Последние дни - И Сьюзен. Страница 24
– Ты пишешь свое имя и на что ты ставишь, скажем, на пятидолларовой бумажке, и для букмекера это просто значит, что ты хочешь поставить нечто более ценное, чем бумажка в один доллар, но менее ценное, чем бумажка в десять долларов. Именно букмекер решает, кто что получает и кто что отдает. Скажем, кто-то теряет четверть пайки и получает дополнительную работу на неделю. Или если он выигрывает, то получает чью-то пайку в дополнение к своей, а кто-то неделю за него чистит уборную. Поняла?

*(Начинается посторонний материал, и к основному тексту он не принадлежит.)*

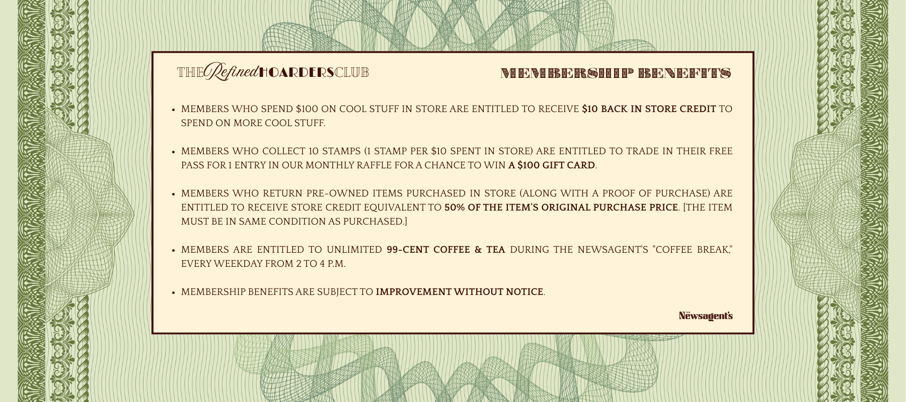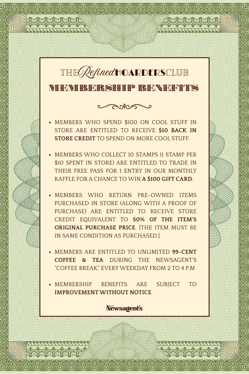 But that's not all! (Did you think it was? Because it's not.) In addition to the Free Pass, all Refined Hoarders Club members get an expertly curated series of perks:
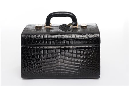 Bauletto in coccodrillo color nero bombato, doppio manico, rifiniture in ottone dorato, satinato e lucido, cm 35x23x21. Modello attribuito a Valigeria Napoleon (Milano, Via Montenapoleone 25). Pre-Convenzione Cites
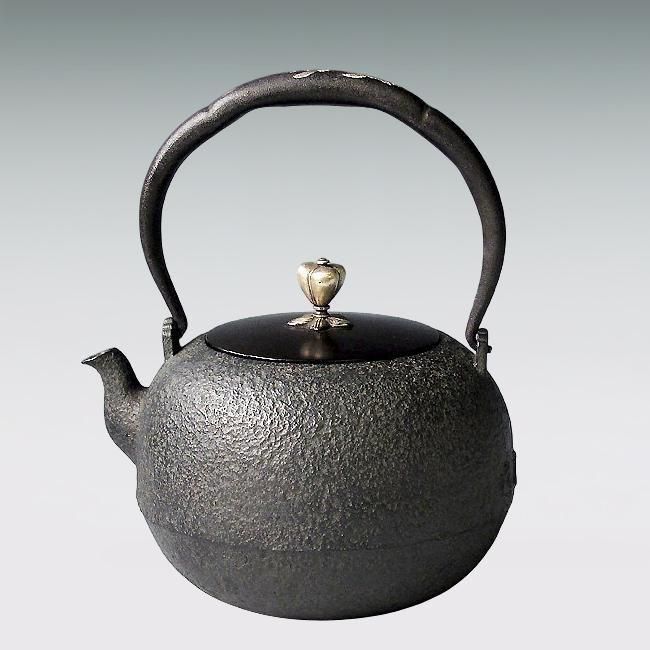 多彩な技法にて鋳造後に彫金や着色など加工を施した鉄瓶で、選りすぐった名工が型取りから始まり、鋳造、仕上げ、着色、象嵌など各工程に作り上げた逸品です。
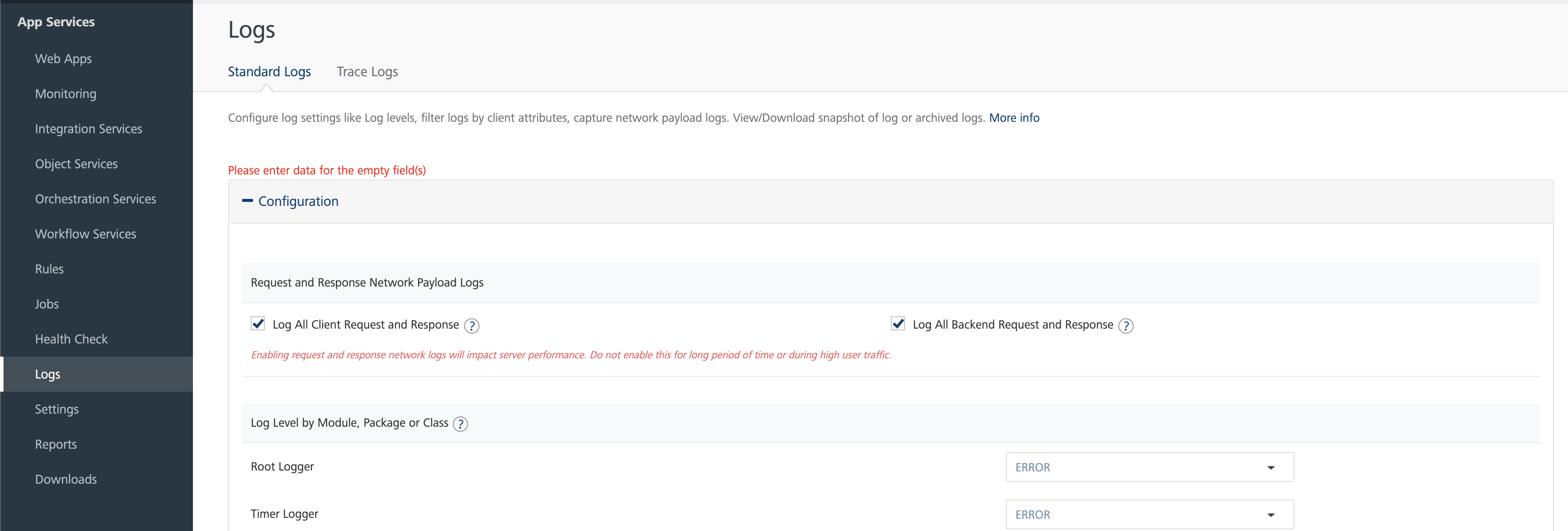 Note: Enabling full request and response trace logs will impact the server performance. So, do not enable the trace for long periods or during the high traffic.
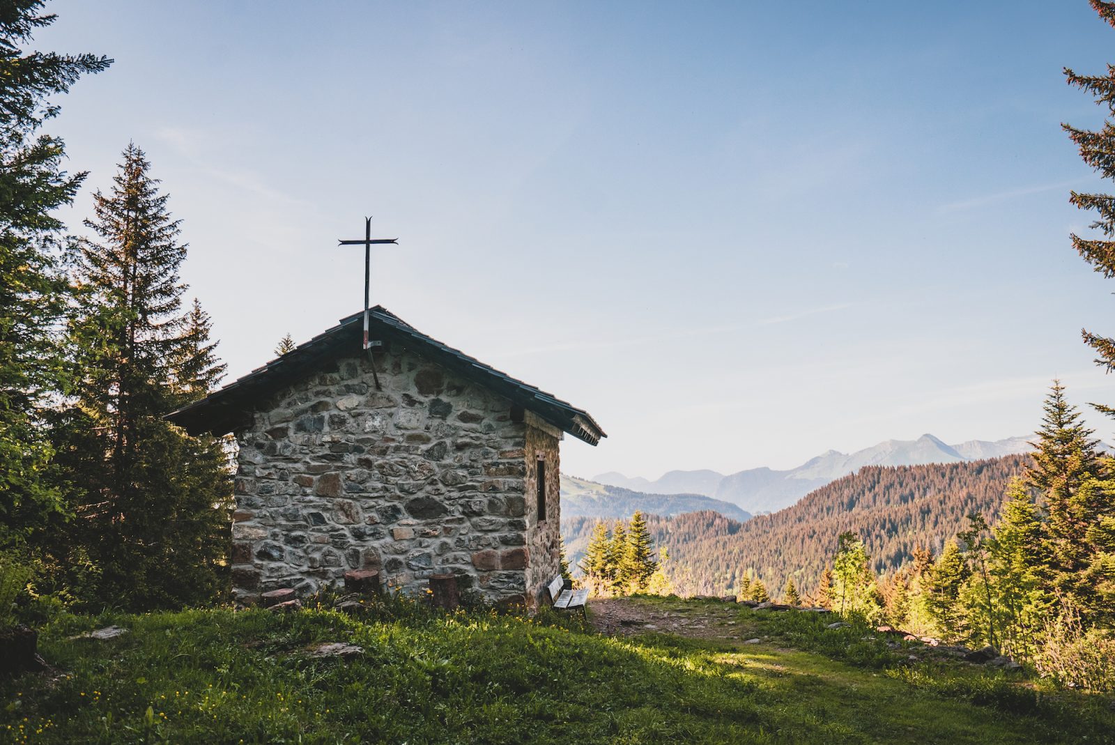 De geschiedenis van deze kapel begint in 1313, toen de drie gemeenten van van Les Gets, Taninges en Samoëns besloten om de grenzen van hun hun grondgebied. Wat de grenzen van het Loex-plateau betreft, werden de grenzen niet aanvaard en werd een perceel met de naam "Loex" niet aanvaard. worden niet geaccepteerd en een stuk land genaamd "le Sax de Jacquiert Curt" wordt wordt begeerd door de 3 partijen. Een proces begint dat zal duren... zal...366 jaar duren! In 1679 wordt het vonnis uitgesproken en wordt de gemeenschap in het midden van het beroemde perceel. De gemeente van Les Gets, dacht zijn zaak gewonnen te hebben, besloot een kapel te bouwen op het deel van de deel van het perceel dat aan haar was toegewezen. In juni 1679, begon het werk door een metselaar uit Samoëns. In de nacht van 14 op 15 Augustus van datzelfde jaar werd de bijna voltooide kapel afgebroken door door demonstranten. De daders zijn nooit gevonden. In de In de jaren '60 vonden de ONF-agenten de ruïnes. De burgemeesters van Les Gets, Taninges en Verchaix stelden voor om de kapel te herbouwen en de en de bevolking mobiliseerde om het weer op te bouwen. Van 1986 tot 1989, op de de huidige Jacquicourt kapel werd gebouwd op de fundamenten van 1679, en maakte zo een einde aan 6 eeuwen van conflicten.
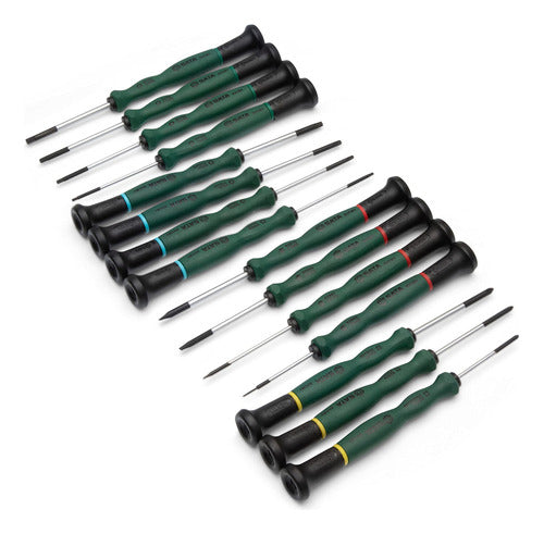 [Conjunto principal] Contém Phillips #000, #00 e #0, fenda 1. 0, 2. 0, 3. 0 e 3. 5, Torex T6, T8, T10 e T15 e hexagonais 1. 5, 2. 0, 2. 5 e 3. 0 tamanhos [Lâminas de aço S2] lâminas de aço S2 dão a essas chaves de fenda profissionais a força para enfrentar qualquer desafio [Alças ergonômicas] As alças verdes moldadas são ergonomicamente moldadas para o máximo conforto durante o trabalho [Chaves de fenda de precisão] ideais para técnicos eletrônicos ou joalheiros que realizam trabalhos de precisão em espaços apertados [Estojo de transporte] A capa de polietileno (PE) é durável, segura e forte o suficiente para transportar, armazenar ou transportar
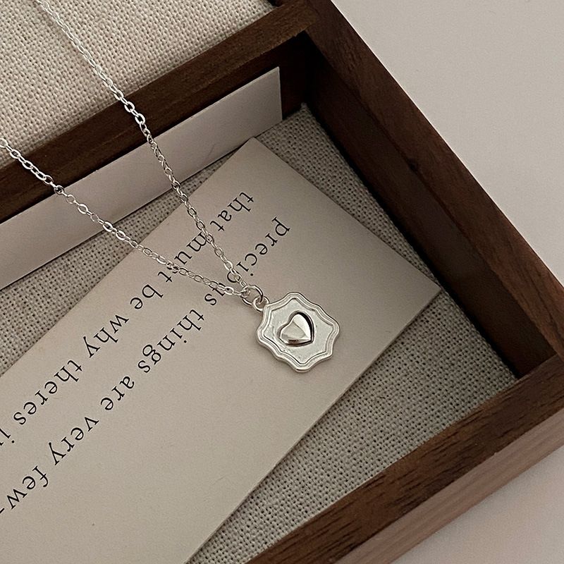 Collana a forma di cuore quadrata in argento puro per donna, versione giapponese e coreana, nuovo ciondolo a forma di cuore di pesca, nicchia

– Поняла. Но мой ответ все равно – нет. К тому же никакой гарантии, что я выиграю.
– Ха! – Тра улыбается, словно торговец чересчур подержанными автомобилями. – Нам как раз нужна гарантия, что ты проиграешь.
Я хохочу во все горло:
– Вам что, нужно, чтобы я сдалась?
– Тсс! – Тра театрально оглядывается вокруг.
Мы стоим в тени между двумя зданиями, и никто, похоже, нас не замечает.
– Это было бы круто, – говорит Тру. Его глаза озорно блестят. – После того, что ты проделала с Боуденом, шансы точно будут в твою пользу, когда подерешься с Анитой…
– Драться с девушкой? – Я скрещиваю руки на груди. – Еще чего не хватало!
– Это нужно не только нам, – словно защищаясь, отвечает Тра. – Это настоящее развлечение для всего лагеря.
– Угу, – говорит Тру. – Кому нужно телевидение, когда есть вода с мылом?
– Мечтай, как же. – Я пытаюсь протиснуться мимо них.
– Мы поможем тебе сбежать, – чуть понизив голос, говорит Тра.
Я останавливаюсь, мысленно обдумывая с десяток возможных сценариев.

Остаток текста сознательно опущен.